Человеческий язык замечателен еще в одном отношении, чем он принципиально отличается от коммуникационных систем других животных: он действует одинаково хорошо как в зрительной, так и в слуховой модальности. Если певчая птица потеряет голос, а пчела не сможет двигаться, то их коммуникация на этом закончится. Однако для глухого человека язык жестов представляет собой столь же выразительный способ коммуникации, как и акустический. Наши лингвистические способности и вычислительная работа также взаимодействуют с другими сферами наших знаний, удивительным образом отражая уникальное человеческое умение устанавливать разнообразные связи между разными системами понимания. Рассмотрим способность определять количество объектов или событий, которую мы разделяем с другими животными. Множество видов обладают как минимум двумя способами счета, не связанными с языком. Один из них точен и ограничен числами менее четырех. Другой не лимитирован по объему, но приблизителен и ограничен различением определенных пропорций - животное, способное отличить 1 от 2, может также отличить 2 от 4, 16 от 32 и т. д.

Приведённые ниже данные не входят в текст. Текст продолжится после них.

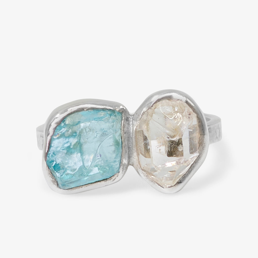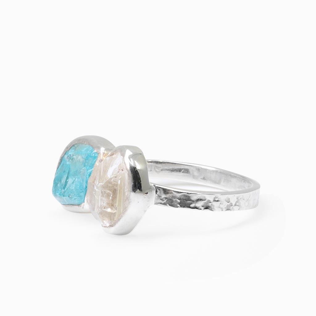 Minerals in their natural form display a unique type of beauty. This handcrafted piece centers a crystalline Herkimer Diamond between raw Apatite for an eye-catching combination.

Первая система привязана к области мозга, которая отвечает за отслеживание индивидуальных особей, а вторая привязана к областям, вычисляющим размеры.
В 2008 г. мы вместе с моими коллегами описали на примере макаков-резусов третью систему счета, которая может помочь нам понять различие между единственным и множественным числом. Она включается в работу в том случае, когда объекты предъявляются одновременно, а не последовательно, и позволяет обезьянам на примере пищевых объектов отличать «один» от «много», но не «много» от «много». В наших экспериментах мы демонстрировали макаку одно яблоко и помещали его в коробку. Затем показывали пять яблок, и клали их во вторую коробку. Если обезьяне предоставляли выбор, она систематически выбирала вторую коробку с пятью яблоками. Затем мы помещали в первую коробку два яблока, а во вторую - по-прежнему пять. На этот раз животные не выказывали устойчивого предпочтения. Мы, люди, поступаем примерно так же, говоря «одно яблоко», но «два, пять или сто яблок».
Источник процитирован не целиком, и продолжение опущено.